Fixing Tech’s Image Problem
I am a PR guy. I build brands and polish images. My industry is technology. It is not my client (well, companies within tech are). But if it were, I’d say there’s a problem. Namely I am getting tired of all the articles slamming the tech industry, and painting it with the same brush.
Here are some recent headlines, and excerpts:
- NY Times: How Evil Is Tech? “Not long ago, tech was the coolest industry. Everybody wanted to work at Google, Facebook and Apple. But over the past year the mood has shifted. Some now believe tech is like the tobacco industry — corporations that make billions of dollars peddling a destructive addiction. Some believe it is like the N.F.L. — something millions of people love, but which everybody knows leaves a trail of human wreckage in its wake.”
- The Guardian: Silicon Valley has been humbled. But its schemes are as dangerous as ever: “An industry once hailed for fuelling the Arab spring is today repeatedly accused of abetting Islamic State. An industry that prides itself on diversity and tolerance is now regularly in the news for cases of sexual harassment as well as the controversial views … An industry that built its reputation on offering us free things and services is now regularly assailed for making things .. more expensive. The Silicon Valley backlash is on.”
- Wired: The other Tech Bubble: “Will anyone ever write another positive story about a tech startup? We’ve been burned…. The many hype-building stories about deceptive companies haven’t aged well… The issue is bigger than any single scandal.”
- NY Times: Tech Giants, Once Seen as Saviors, Are Now Viewed as Threats: “Now tech companies are under fire for creating problems instead of solving them. Tech companies have accrued a tremendous amount of power and influence. Their amount of concentrated authority resembles the divine right of kings, and is sparking a backlash that is still gathering force.”
I am not objecting to the reporting of facts, as presented. And yes; the media are there to keep other institutions in check; I would never challenge their right to do so. Further, I don’t want to minimize some of the very real problems emanating from the tech world.
All that said, I find the info in many of these stories to be caricatures and generalizations of the industry that I know, having worked with 100s of tech companies, many of the them startups.
Who is to Blame?
There is plenty of blame to go around regarding the role of tech in our lives; and the state of the tech industry. But my issue is with some of the coverage – and the resulting image issues. So, let’s go down the list – a long one – because our relationship with tech is complex and did not happen overnight.
- Do we blame the tech companies? They should be called out for bad behavior; and when their solutions cause problems. But let’s keep things in perspective. Don’t assume they’re all evil, or have ill intent – e.g. Facebook did not set out to create a Russian disinformation machine. Yes, they want to move fast and break things. This can sound arrogant and lead to unintended consequences. They have no choice but to address the issues, so people keep coming back.
- Do we blame journalists who focus on the outsize stories and egos (stoking unicorn valuations), and who conflate Silicon Valley and Big Tech with the rest of the industry?(I guess that is the point of this article.
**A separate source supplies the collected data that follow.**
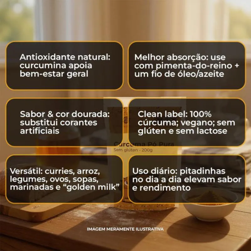 A cúrcuma é um condimento potente; use com moderação para evitar sabores exageradamente intensos. Armazene em local seco, fresco e protegido da luz para preservar aroma e propriedades.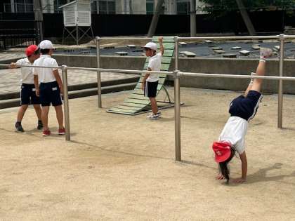 前まわりや後ろまわりなどを、もうすでにできる子もいますが、まずは低学年のうちはぶら下がったり、逆さになったり、乗ったりするなど、鉄棒と仲良くなることが大切な学びになります。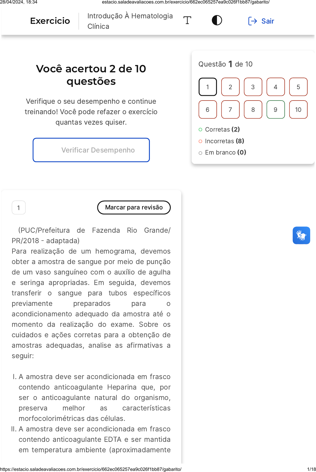 Você acertou 2 de 10 questões Verifique o seu desempenho e continue treinando! Você pode refazer o exercício quantas vezes quiser. Verificar Desempenho 1 Marcar para revisão �PUC/Prefeitura de Fazenda Rio Grande/ PR/2018 � adaptada) Para realização de um hemograma, devemos obter a amostra de sangue por meio de punção de um vaso sanguíneo com o auxílio de agulha e seringa apropriadas. Em seguida, devemos transferir o sangue para tubos específicos previamente preparados para o acondicionamento adequado da amostra até o momento da realização do exame. Sobre os cuidados e ações corretas para a obtenção de amostras adequadas, analise as afirmativas a seguir: I� A amostra deve ser acondicionada em frasco contendo anticoagulante Heparina que, por ser o anticoagulante natural do organismo, preserva melhor as características morfocolorimétricas das células. II� A amostra deve ser acondicionada em frasco contendo anticoagulante EDTA e ser mantida em temperatura ambiente (aproximadamente Questão 1 de 10 Corretas �2� Incorretas �8� Em branco �0� 1 2 3 4 5 6 7 8 9 10 Exercicio Introdução À Hematologia Clínica Sair 28/04/2024, 18:34 estacio.saladeavaliacoes.com.br/exercicio/662ec065257ea9c026f1bb87/gabarito/ https://estacio.saladeavaliacoes.com.br/exercicio/662ec065257ea9c026f1bb87/gabarito/ 1/18 A B C D E 25°C� até o momento da realização do exame, independentemente do tempo necessário, pois a temperatura de refrigeração provoca hemólise. II� A amostra deve ser acondicionada em frasco contendo anticoagulante EDTA, observando- se a proporção mínima e máxima indicada. Marque a alternativa que apresenta as afirmativas corretas. I, apenas. II, apenas. III, apenas. I e II, apenas. I e III, apenas. Resposta correta Parabéns, você selecionou a alternativa correta. Confira o gabarito comentado! Gabarito Comentado A amostra deve ser acondicionada em frasco contendo anticoagulante EDTA e caso não seja analisado no momento é recomendado que a amostra fique na geladeira, pois quanto mais tempo a amostra ficar à temperatura ambiente, mais se eleva o VCM. Essa elevação pode ser diminuída caso a amostra fique armazenada em geladeira. Para realizar a 28/04/2024, 18:34 estacio.saladeavaliacoes.com.br/exercicio/662ec065257ea9c026f1bb87/gabarito/ https://estacio.saladeavaliacoes.com.br/exercicio/662ec065257ea9c026f1bb87/gabarito/ 2/18 A B C análise do hemograma devemos coletar o sangue total, por venopunção, em tubos de tampa roxa, que tem como anticoagulante o EDTA, pois conserva as células por mais tempo e sempre devemos respeitar o volume que é indicado no frasco, não ultrapassando e nem coletando menos que o estipulado. 2 Marcar para revisão Durante o estágio em um laboratório de hematologia, o aluno ao realizar a distensão sanguíneas na lâmina de vidro, encontrou o seguinte resultado. Fonte: Elen Oliveira. Marque a alternativa que apresenta o erro de resultado durante a distensão atribuído ao ler a lamina pelo professor responsável pelo aluno. Pausas durante a distensão. Gota seca. Gota concentrada no meio da lâmina. 28/04/2024, 18:34 estacio.saladeavaliacoes.com.br/exercicio/662ec065257ea9c026f1bb87/gabarito/ https://estacio.saladeavaliacoes.com.br/exercicio/662ec065257ea9c026f1bb87/gabarito/ 3/18 D E Amostra lipêmica. Gota muito pequena. Resposta incorreta Opa! A alternativa correta é a letra E. Confira o gabarito comentado! Gabarito Comentado Como a distensão realizada pelo aluno ficou muito curta, ele preparou a lâmina com uma gota muito pequena. No momento da distensão as pausas realizadas, geram um esfregaço falhado. Quando a amostra é lipêmica, temos um esfregaço com gotas, que são referentes aos lipídeos durante a execução do esfregaço. O esfregaço realizado com a gota que já está seca, provoca uma distensão com uma falha no meio da lâmina e a gota concentrada no meio da lâmina irá concentrar o esfregaço no meio da lâmina, não ocupando todo a largura da lâmina necessária para a realização do esfregaço. 3 Marcar para revisão �SESA/2013 � adaptada) As hemácias são os elementos figurados mais abundantes do sangue. As análises qualitativas e quantitativas das hemácias auxiliam o diagnóstico dos pacientes com doenças hematológicas. A respeito dos índices hemantimétricos, analise as afirmativas a seguir: 28/04/2024, 18:34 estacio.saladeavaliacoes.com.br/exercicio/662ec065257ea9c026f1bb87/gabarito/ https://estacio.saladeavaliacoes.com.br/exercicio/662ec065257ea9c026f1bb87/gabarito/ 4/18 A B C D E I. A avaliação do micro-hematócrito é indicado em casos de dificuldade de contagem de eritrócitos devido a presença de crioaglutininas. II. Quanto mais a temperatura ambiente, mais se diminui o VCM. III. O excesso de EDTA pode induzir a desidratação e consequentemente aumenta o VCM. Marque a alternativa que apresenta as afirmativas corretas. I, apenas. II, apenas. III, apenas. I e II, apenas. I e III, apenas. Resposta incorreta Opa! A alternativa correta é a letra A. Confira o gabarito comentado! Gabarito Comentado O excesso de EDTA em relação ao volume de sangue coletado por induzir a desidratação das células e consequentemente diminuir o VCM. Quanto mais tempo a amostra ficar à temperatura ambiente, mais se eleva o VCM. Essa elevação pode ser diminuída caso a amostra fique armazenada em geladeira. 28/04/2024, 18:34 estacio.saladeavaliacoes.com.br/exercicio/662ec065257ea9c026f1bb87/gabarito/ https://estacio.saladeavaliacoes.com.br/exercicio/662ec065257ea9c026f1bb87/gabarito/ 5/18 A B C Crioaglutininas são autoanticorpos em geral de classe IgM que possuem atração por antígenos da membrana eritrocitária, promovendo a aglutinação dessas células quando em temperatura inferior a 37°C, podendo contar duas células como uma única célula. 4 Marcar para revisão �CONSULPLAN/ Prefeitura de Cascavel/ PR/ 2016 � adaptada) A avaliação qualitativa do hemograma tem o obje

If they’re so sour on tech, perhaps the writers of these stories should unplug and live off the grid).
- Do we blame the PRs and marketers that promote tech? Sure, if we are peddling hype and misinformation that adds to media cynisism.
- Do we blame businesses that eat up technology to improve operations and for competitive advantage?
- Do we blame society at large – and our love for shiny new toys, tech gadgets, and fascination with entrepreneurialism? (Bingo! We have met the enemy, and he is us).
In summary, I just ask for balance in reporting, and that you not kick tech or the industry to the curb. Tech continues to be an important engine for our economy, and our innovation is key to U.S. global competitiveness It enriches our lives in so many ways. We need to improve it, and reign it in when needed. But not walk away or shame.